Synopsis of the week
- Friday saw US unemployment remain unchanged at 4.9%, average hourly earnings increase by just 0.1% and Non farm payrolls increase by 151,000. All three worse than expected. Independently they are not enough to send alarm bells ringing with the Fed but it has surely ended any chance that rates will rise after the September meeting.
- Last week Chinese manufacturing figures once again grew following twelve months of stagnation. Equivalent manufacturing data from around Europe was less convincing with only the UK and Germany forging ahead.
- After two weeks of falls the FTSE , DAX & CAC all managed to have a positive week, but none were able to break to far away from recent highs.

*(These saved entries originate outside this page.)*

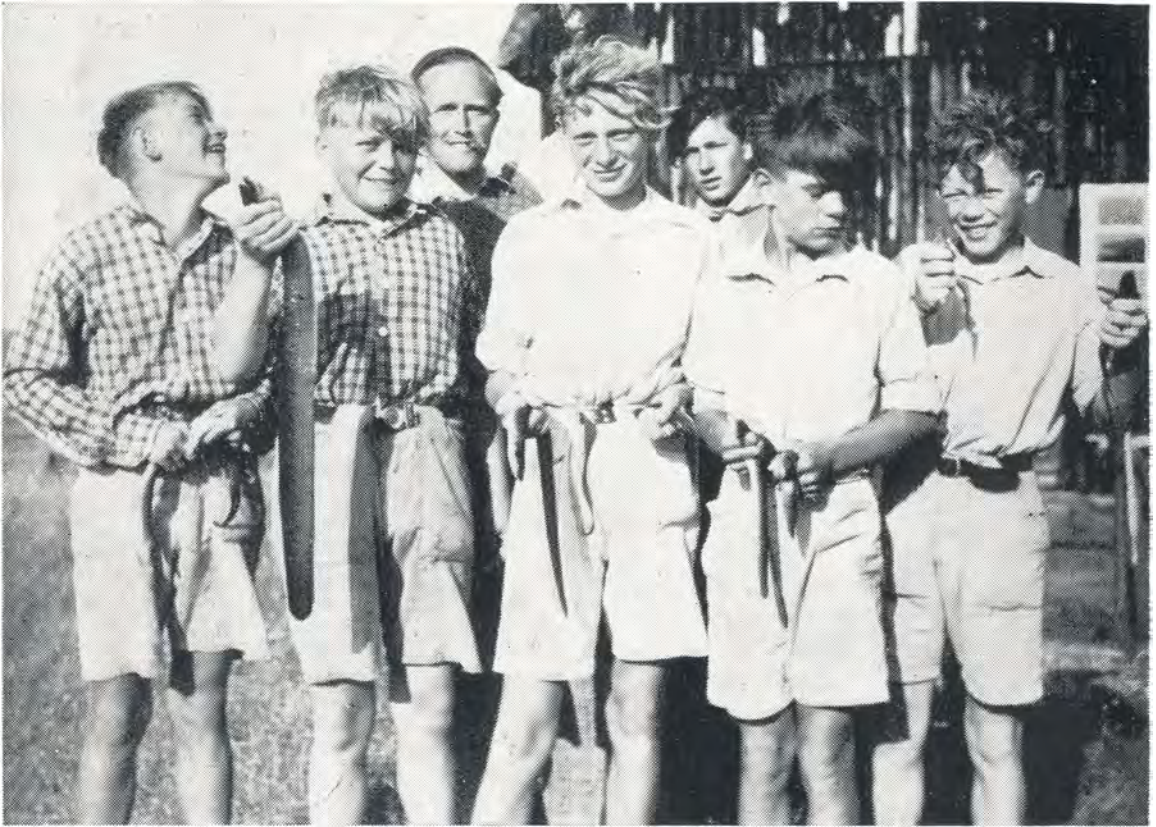
Dygtige ålefiskere. 1949.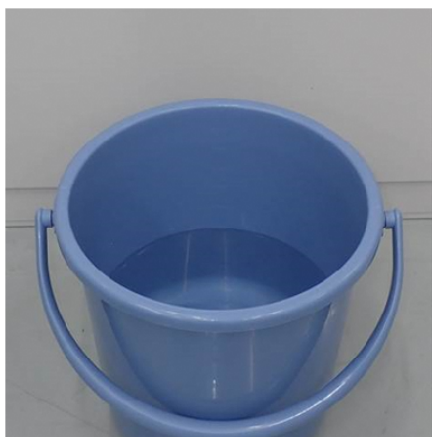
①水を張ったバケツを準備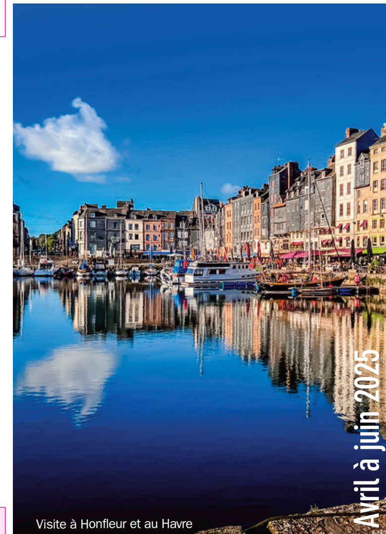
Visite à Honfleur et au Havre

Vous qui souhaitez nous rejoindre, soyez les bienvenus aux activités et aux sorties culturelles.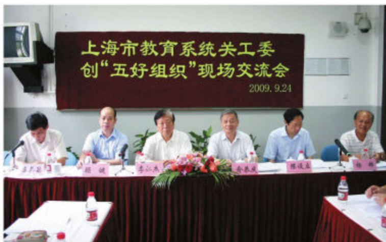
上海市教育系统关工委创“五好基层组织”现场交流会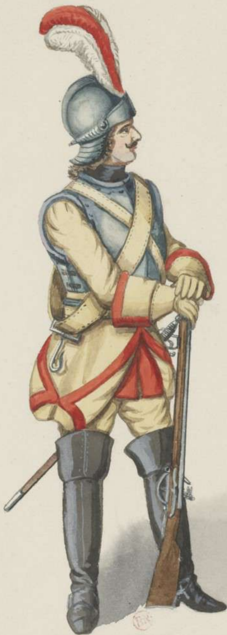
2° - Leib Cürassier Regiment - Dienst Anzug - 1699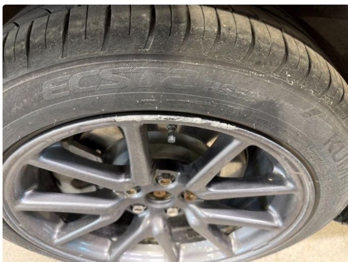
1.1 Ripe (r) gjennom lakk

- Monday’s US Labour Day bank holiday offers traders a quiet start to the week.
The Week Ahead
Economic Data
The latest G20 meeting starting In China comes to a conclusion on Monday. As always these events give politicians a global platform to make headline grabbing statements. Although these are not always the most helpful when it comes to market stability, market watchers will be waiting to see what new initiatives are agreed upon. Due to the large number of members having to all agree, expectations of large sweeping changes are normally low.
Monday will be a day of Services PMI data releases starting in China and then numerous European countries. With the service sector making up the lion’s share of the UK’s GDP FTSE traders will pay particular attention to the mid-morning release. As the US enjoys a bank holiday on Monday it’s likely that the afternoon session will turn into a clock watching event as the City will use this as an excuse to leave sharpish.
Unless Australia surprises the markets by announcing a change to their interest rates it’s unlikely that Swiss quarterly GDP will be enough to kick start enthusiasm for the morning session. The release of US Service PMI data in the afternoon will give Fed interest rate watchers something fresh to debate.
French President Francois Hollande has again publicly stated that UK Prime minister Theresa May should action article 50 imminently. Considering he holds the unenviable title of the least popular French President in history we suspect that she’ll be using Wednesday’s Manufacturing and Industrial production data as more of a catalyst to her triggering article 50.
Asian data releases from Japan, China and Australia over-night should ensure a lively start to Thursday’s trading. European traders will be on edge as they wait for the latest ECB interest rate decision, although no change is expected. Volatility however normally picks up 45 minutes later when ECB President Mario Draghi holds his press conference. An event that has the press trying to eek out more of an idea of what lies ahead during the Q & A session.
Over in the US we will also get the latest unemployment data along with Crude Oil inventories.
In contrast Friday’s excitement will be almost over before it starts as the latest Chinese inflation figures will be released before European traders are even at their desks.
Corporate releases
Once again the British Olympic team have done their best to set Halfords up for a profitable half yearly release by coming back from Rio with a plane full of cycling medals.
The UK housing market was always going to be one of the sectors most affected by the Brexit vote so this week’s releases from Redrow, Berkeley Group and Barratt Development will give a clearer picture of how badly sentiment to the housing market has been dented.
UK quoted construction equipment leasing firm Ashtead are set to post their first quarter figures on Wednesday. This firm derives the majority of its revenue from the US and has benefited both from the strong demand inside the US but also the weakening of Sterling against the US Dollar and these latest figures look set to continue a trend of keeping investors and shareholders happy.